Author's note about names:
I tried to pick the most appropriate names for the characters, but I'm sure I've screwed them up, so please be patient with me? These are either the oldest names recorded, period-appropriate names, or names in their native languages, depending on what was available.
- Scotland: Alba (Caledonia to the Romans)
- France: Gaul (inherited from the ancient for a short time)
- Spain: Hispania
- Wales: Cymru
- Ireland: Ierne
Author's note about time periods:
- Bronze Age: Between 1200 and 900 BC, the British Isles traded with the continent, particularly France; in Hetalia terms, this means France and England met way back then, before they were fully formed nations.
- Roman Britain: The Roman Empire began its expansion into Britannia around 43 AD, about 100 years after the defeat of the Gauls (modern France) and Hispania (modern Spain). From 260 - 273 AD, Britannia, Gaul, and Hispania broke away from Rome together.
- Norman Invasion: In 1066, the French duke William the Conqueror of Normandy became William I, King of England by invading England, killing the current King Harold (an Anglo-Saxon), and claiming the throne for himself.
The (Not Nearly as Concise as I Would Have Liked It)
History of Franco-British Relations,
from Bronze Age Trade to the Norman Invasion, as told by England,
a FrUK fic
by crashedtimemachine
Most think we met back then—when France was expanding and tunics were all the rage, back when Rome was already in the rubbish bin, replaced by a new Holy Roman Empire and the beginnings of European unifications were stirring.
Of course, most would be wrong.
1200 - 900 BC
I first saw him during the time of spears, when my brothers attempted to initiate trade with the continent. He was small, but then so was I, and we each clung to our guardians in trepidation.

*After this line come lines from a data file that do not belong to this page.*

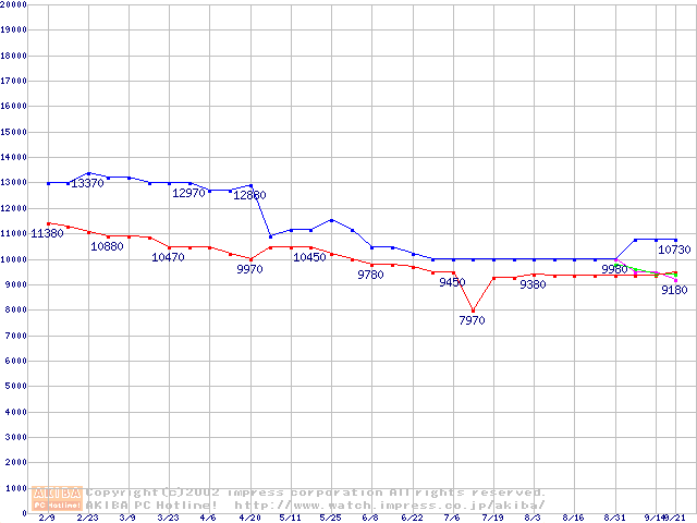 | [↑前グラフ]: | HDD 40GB~50GB未満(5400rpmクラス)の最安値推移 |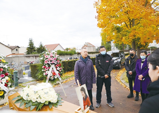 来宾们向胡玉兰女士的遗体告别。(图片来源:欧洲时报记者黄冠杰 摄)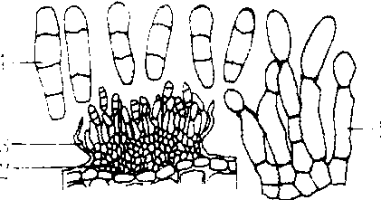 黏隔孢属 1.分生孢子梗 2.分生孢子盘 3.寄主表皮 4.分生孢子 |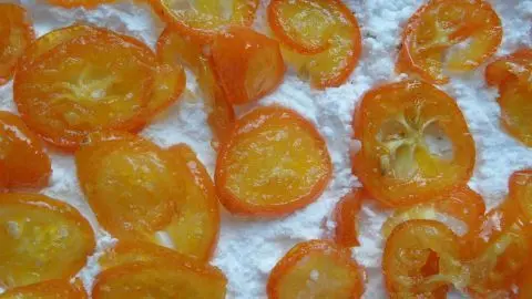 - Die gut abgetropften Kumquat- (Orangen-) scheiben gleichmäßig auf dem Puderzucker verteilen, darauf achten, dass die Scheiben nicht aufeinanderliegen.

My brothers weren't quite so scared, and Alba stepped right out in front of us all and tried speaking to him. I followed, still clutching onto his cloak. Alba ignored the lady Gaul completely—Scotland has never quite master the art of manners, even now—and issued a greeting to the little nation hiding behind her skirts. She didn't seem all that offended (more likely amused), and in fact, she pushed the little pudgy thing toward our group and urged him to respond in kind.
I was immediately taken by the way he pronounced the initial words that left his small, pink lips, and I was quite suspicious that we were being made fun of because it sounded like he was singing at us. Singing! Did he take us for fools, I thought, and I stepped forward around the side of Alba's cloak to glare at him, forgetting my fear for the sake of my anger.
He glared right back, until Alba grew annoyed at being ignored and stepped between us. He greeted him again, somewhat more forcefully, but the little boy from the continent laughed and grinned and clasped my brother's hand in his own.
I glared at them both and stalked back over to my brothers. Cymru just looked at me as if I were a bit dumb and Ierne smirked, but he clearly wasn't happy with my little performance. It's funny, I remember very little else from our first meeting, and little else from the era. I didn't have a name yet (I was new and young, and I know now that I had only just begun to be recognized separately from my brothers) and I didn't have any standing to speak to those continentals, so I retreated behind my brothers and pouted and waited. One day, I would show that little brat some manners—singing, really?—and Alba, too.
I'd show them all.
43 - 273 AD
We met again during the time of Roman expansion.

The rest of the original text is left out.